Multi-Sport

The Story Behind Raiders Nation South LA

From a handful of fans at a Hawthorne bar to a nonprofit investing in the neighborhood — our origin story.

Mar 14, 2026

6 min read

A peloton of professional cyclists in helmets and team jerseys race tightly together on a city street.
A peloton of professional cyclists in helmets and team jerseys race tightly together on a city street.

Where It Started

Los Angeles was Raiders country before a lot of people want to admit it. From 1982 to 1994, the Coliseum was home. The team left, but the fans never did. They got older, had kids, passed the colors down, and kept showing up every Sunday — in garages, at backyard barbecues, at bars that stayed loyal when the jerseys got harder to find.
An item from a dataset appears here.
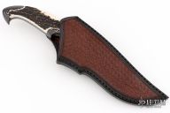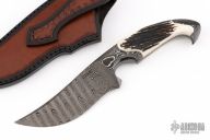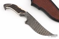 This hunter from the Sobral Brothers, is made from Damascus that has been forged into a beautiful finished product. It has a clip point recurve blade with a false top edge, .339" blade stock and 1.475" blade depth, full tang integral construction. The handle features very nice stag scales. Comes with a hand tooled brown leather sheath, and leather zipper case. New from maker!

Raiders Nation South LA started in 2013 with a simple idea: if the community was going to keep showing up, it might as well show up together. What began as a handful of die-hards watching games at Rock It Bar & Grill in Hawthorne grew into something none of us fully expected — an officially recognized booster club, a registered nonprofit, and a year-round engine for community work across South Los Angeles.

What We Built

Watch parties became fundraisers. Fundraisers became scholarships. Scholarships became graduates. Graduates became the reason we keep going. Along the way, we added a youth football clinic, a back-to-school supply drive, a Thanksgiving turkey giveaway, and a holiday toy drive to the calendar. None of it was planned from day one — all of it grew because the people in this club kept asking the same question: what else can we do?
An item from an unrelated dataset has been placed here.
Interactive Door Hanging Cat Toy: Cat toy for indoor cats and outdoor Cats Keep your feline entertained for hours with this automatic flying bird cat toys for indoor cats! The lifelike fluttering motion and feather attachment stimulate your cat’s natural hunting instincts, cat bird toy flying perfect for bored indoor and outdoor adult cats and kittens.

Today RNSLA is built on three things. The game — we are Raider Nation first and that never changes. The neighborhood — South LA is home and every dollar we raise, we try to spend here. And the next one — whether it is the next member, the next scholar, or the next kid we hand a backpack to, we are always thinking one generation ahead.

What Comes Next

We are still a volunteer-run operation. We still meet in the same spots. We still argue about the depth chart. And we still believe that a fan club, done right, can be one of the most useful institutions a neighborhood has. If you have been riding with us since the beginning or you are just hearing about us for the first time — pull up. There is always room.